The underlying problem in Git is that commit-msg
hooks are not called for merge commits without conflicts.
However, the prepare-commit-msg
is called for (any) merge commits. So what I currently do to get Gerrit's Change-Id
also added to merge commits without conflicts is to use a prepare-commit-msg
hook like this:
#!/bin/sh
if [ "$2" = "merge" -a -f .git/MERGE_MSG ]; then
# Explicitly call Gerrit's commit-msg hook for merge commits.

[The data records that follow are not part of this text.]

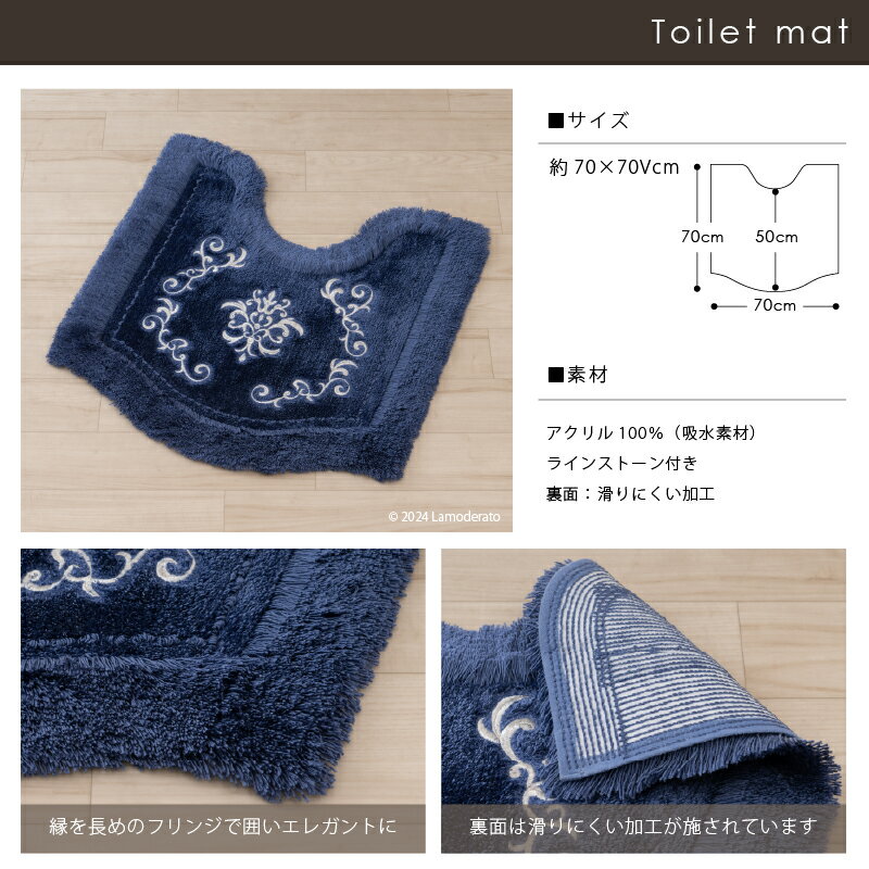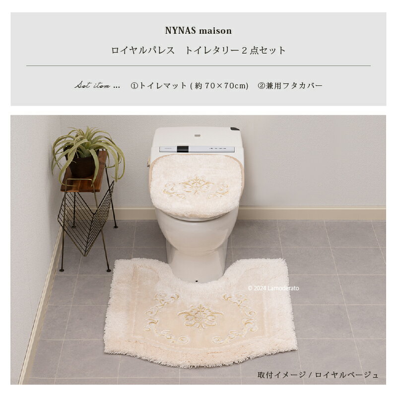 トイレ 2点セット『NYNAS ロイヤルパレス』(トイレマット 約70×70cm 兼用フタカバー ) [ ニーナス トイレマット セット 高級 上質 高品質 上品 おしゃれ トイレセット ] ベージュ ネイビー ブルー 24AW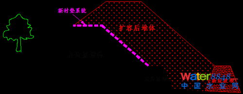 橫向擴(kuò)容技術(shù)是在老垃圾填埋場的附近進(jìn)行橫向擴(kuò)張,新建垃圾壩和對擴(kuò)張的區(qū)域鋪設(shè)襯墊系統(tǒng),利用原有的老垃圾填埋場,同時進(jìn)行豎向上的加高,使從老垃圾填埋場附近橫向擴(kuò)張較小的占地面積,就能擁有較大的庫容。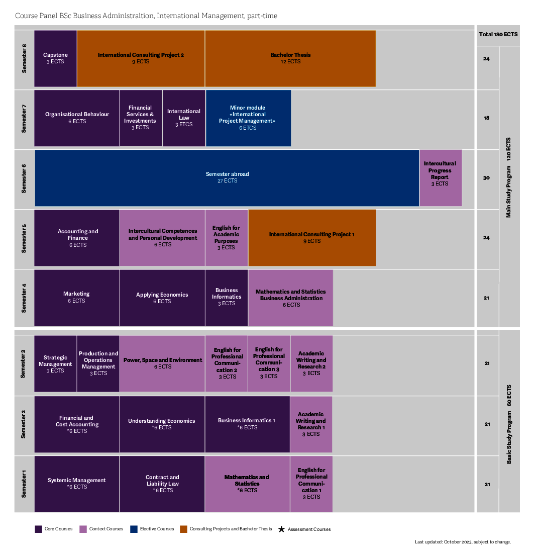 In the International Management track, the semester abroad is an integral part of your curriculum. If you study full-time, you can go abroad in the 4th or 5th semester. Part-time students can go in the 6th semester.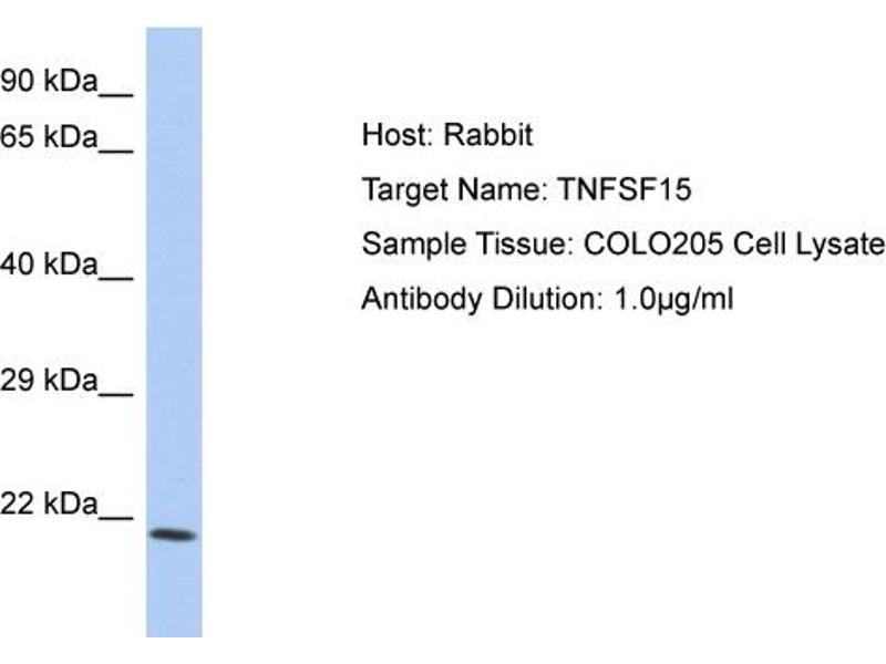 TNFSF15 Reactivité: Humain, Souris, Boeuf (Vache) WB Hôte: Lapin Polyclonal unconjugated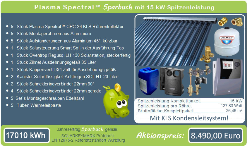 1 | Plasma Spectral™ CPC Röhrenkollektor Röhrenkollektor Plasma Spectral CPC 24, Modellupgrade 2026 mit KLS Kondensleitsystem, Heatpipe Verdampfungsbeschleuniger, VVOC Fluid mit einer Starttemperatur von 35° C, CPC Reflektoren mit witterungsbeständiger Spezialbeschichtung, Nanoversiegelung mit einem Reflexionsgrad von 90 %, Frostsicher bis -50° C, Sammlerkasten in wasserdichter Ausführung, Easyfix Röhrenaufnahmen aus witterungsbeständigen Polyamid, Montagerahmen aus gebürstetem Aluminium, Montageschrauben aus Edelstahl. Bruttofläche 5,12m², Absorberfläche: 6,02m², Aperturfläche: 4,41m², Abmessungen: (LxBxH) 1917x2670x133 mm, Anzahl der Röhren: 24 Stück, Anzahl der CPC Reflektoren: 24 Stück, Röhrenabstand: 110 mm, Durchmesser Sammlerrohr: 1 Zoll, Sammleranschluss: 22 mm Kupfer, Sammlerinhalt: 2,26 Liter, Prüfdruck: 10 Bar, Gewicht: 81 Kg., Spitzenleistung 3009 Wpeak, Solarkeymark zertifiziert, Bafa gelistet , Hagelprüfzertifikat und Drucklastzertifikat. | 5 Stk. | 1.690,00 | 8.450,00 |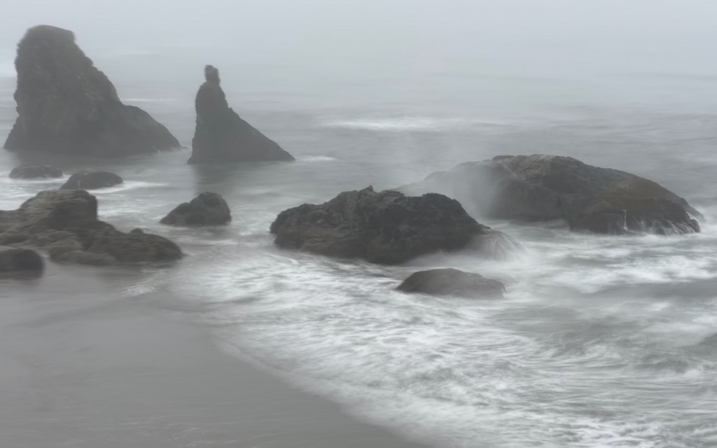 I specifically stayed in Bandon so I would get a sunset there. But lo and behold even before I left the RV park I knew it was not going to happen. I had fog instead of a sunset!!

.git/hooks/commit-msg "$1"
fi
The check for .git/MERGE_MSG
ensures that commit-msg
will not be called if amending a merge commit, because in that case that hook is called directly by Git anyway. Note that for merge commits with conflicts this approach will result in commit-msg
being called twice, once as part of this prepare-commit-msg
hook and once by Git when it calls commit-msg
after committing the conflicts resolution, but that does not cause any problems as Gerrit's commit-msg
hook checks whether the Change-Id
has already been added and does not add it again if that's the case.
If you're now asking your self why Gerrit does not simply use only a prepare-commit-msg
hook to add the Change-Id
, I guess that just to prevent the user from accidentally deleting the Change-Id
from the commit message. Adding it as part of a commit-msg
hook after the editor has closed is just safer.